WORK TO BE COMPLETED>
Nothing but an exact copy is asked for: the lines in the material below from the one with "小米平板新品在年初官宣后,几" through the one with "청소년상담복지센터 2018년 2월", pictures excluded.

SUPPLIED MATERIAL>

.....

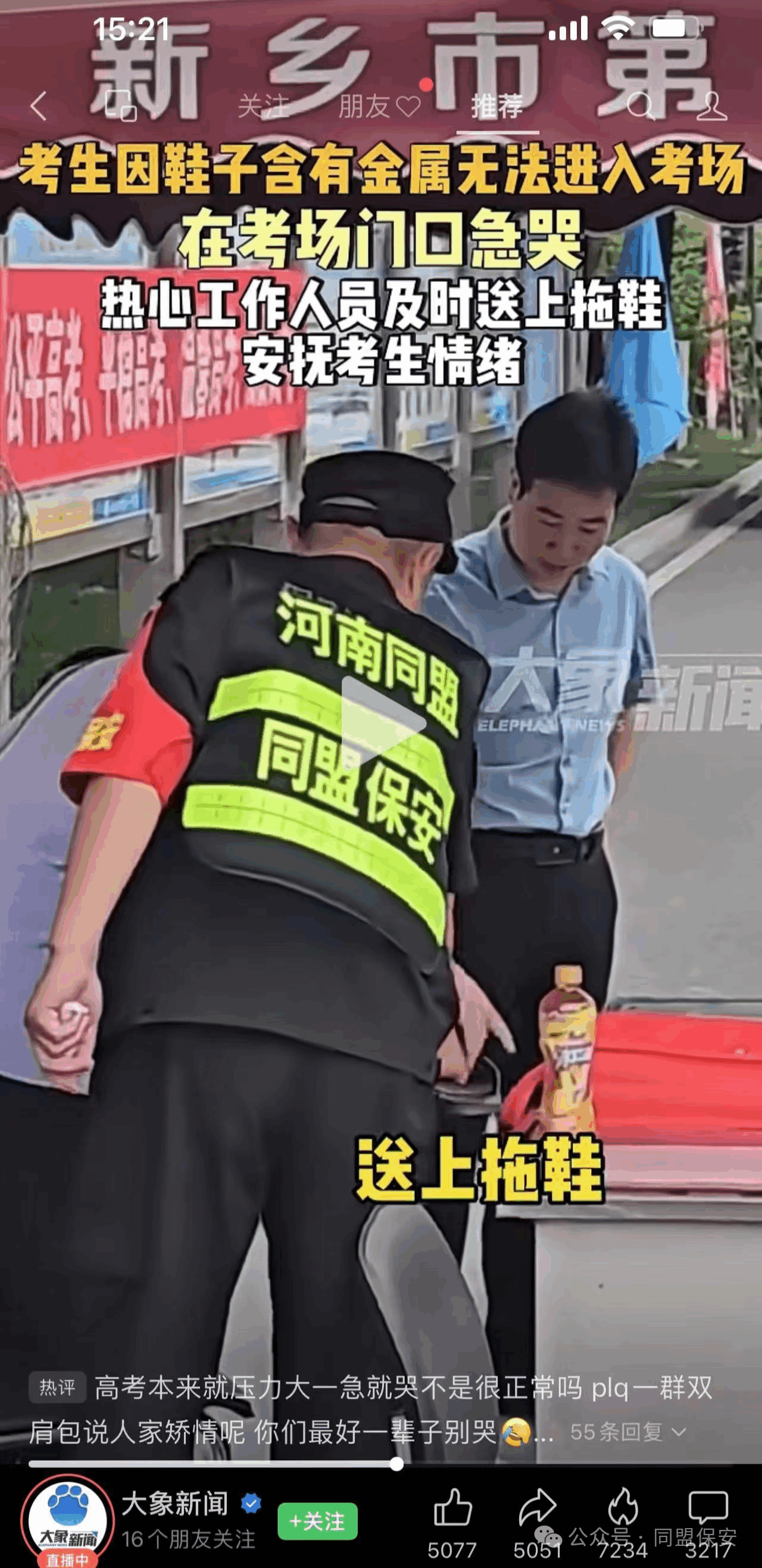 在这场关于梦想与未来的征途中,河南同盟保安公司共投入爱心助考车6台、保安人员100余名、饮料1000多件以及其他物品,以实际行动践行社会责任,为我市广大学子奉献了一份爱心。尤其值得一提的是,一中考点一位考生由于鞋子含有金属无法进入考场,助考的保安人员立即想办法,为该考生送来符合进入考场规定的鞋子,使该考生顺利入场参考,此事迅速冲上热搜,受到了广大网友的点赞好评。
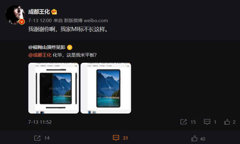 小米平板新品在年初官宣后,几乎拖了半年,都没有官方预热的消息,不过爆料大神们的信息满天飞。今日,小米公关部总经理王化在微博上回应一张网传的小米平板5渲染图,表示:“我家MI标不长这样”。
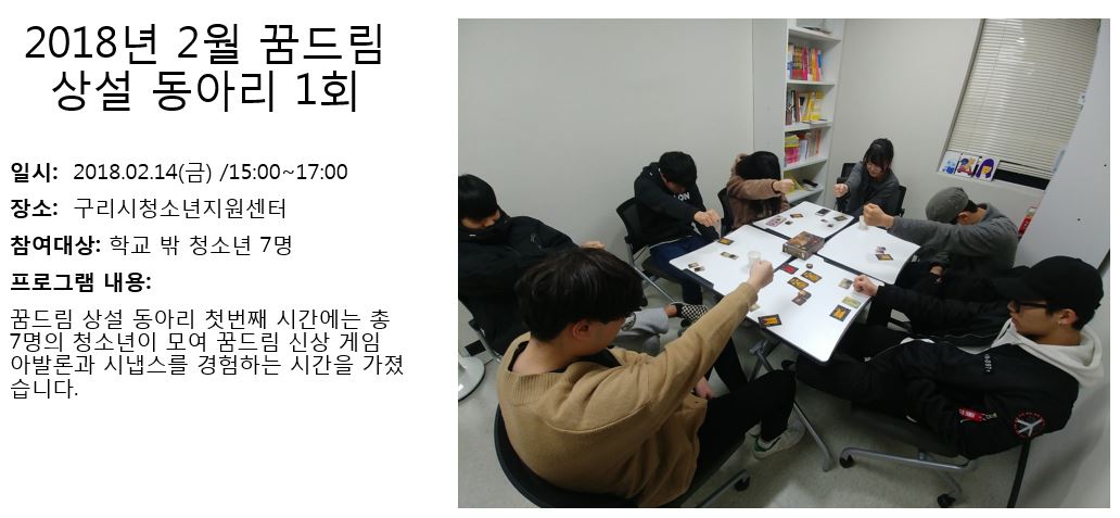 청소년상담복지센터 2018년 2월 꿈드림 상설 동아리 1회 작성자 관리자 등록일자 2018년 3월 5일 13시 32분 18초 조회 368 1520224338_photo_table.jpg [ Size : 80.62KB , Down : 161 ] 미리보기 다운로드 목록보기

.....

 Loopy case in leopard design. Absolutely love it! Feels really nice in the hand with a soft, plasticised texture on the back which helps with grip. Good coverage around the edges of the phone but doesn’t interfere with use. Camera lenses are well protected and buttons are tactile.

.....

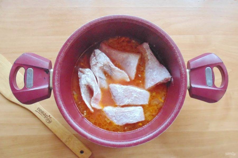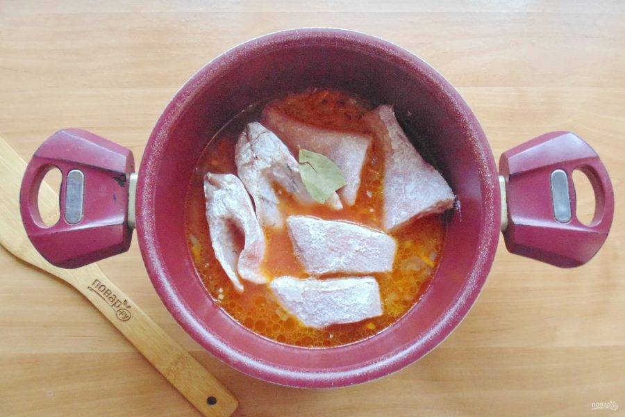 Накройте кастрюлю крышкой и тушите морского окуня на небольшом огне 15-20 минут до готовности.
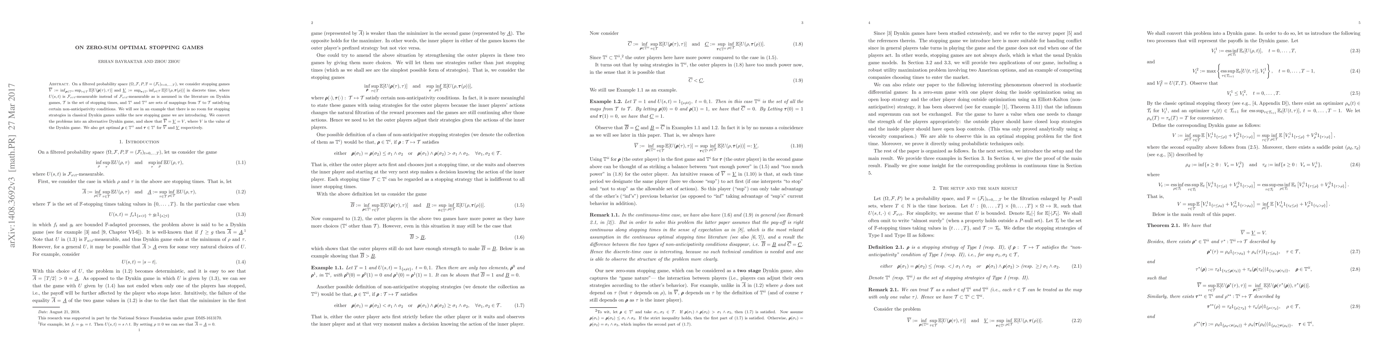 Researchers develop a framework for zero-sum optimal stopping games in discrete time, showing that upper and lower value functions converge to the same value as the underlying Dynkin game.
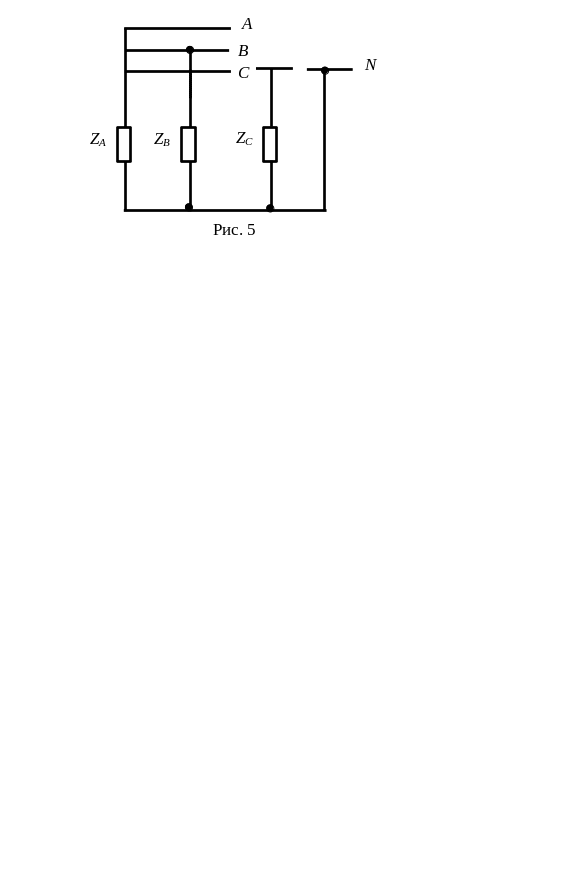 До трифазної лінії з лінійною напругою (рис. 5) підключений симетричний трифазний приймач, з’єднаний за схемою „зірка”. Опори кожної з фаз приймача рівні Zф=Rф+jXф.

.....

SOLUTION TO THE EXERCISE>
 小米平板新品在年初官宣后,几乎拖了半年,都没有官方预热的消息,不过爆料大神们的信息满天飞。今日,小米公关部总经理王化在微博上回应一张网传的小米平板5渲染图,表示:“我家MI标不长这样”。
 청소년상담복지센터 2018년 2월 꿈드림 상설 동아리 1회 작성자 관리자 등록일자 2018년 3월 5일 13시 32분 18초 조회 368 1520224338_photo_table.jpg [ Size : 80.62KB , Down : 161 ] 미리보기 다운로드 목록보기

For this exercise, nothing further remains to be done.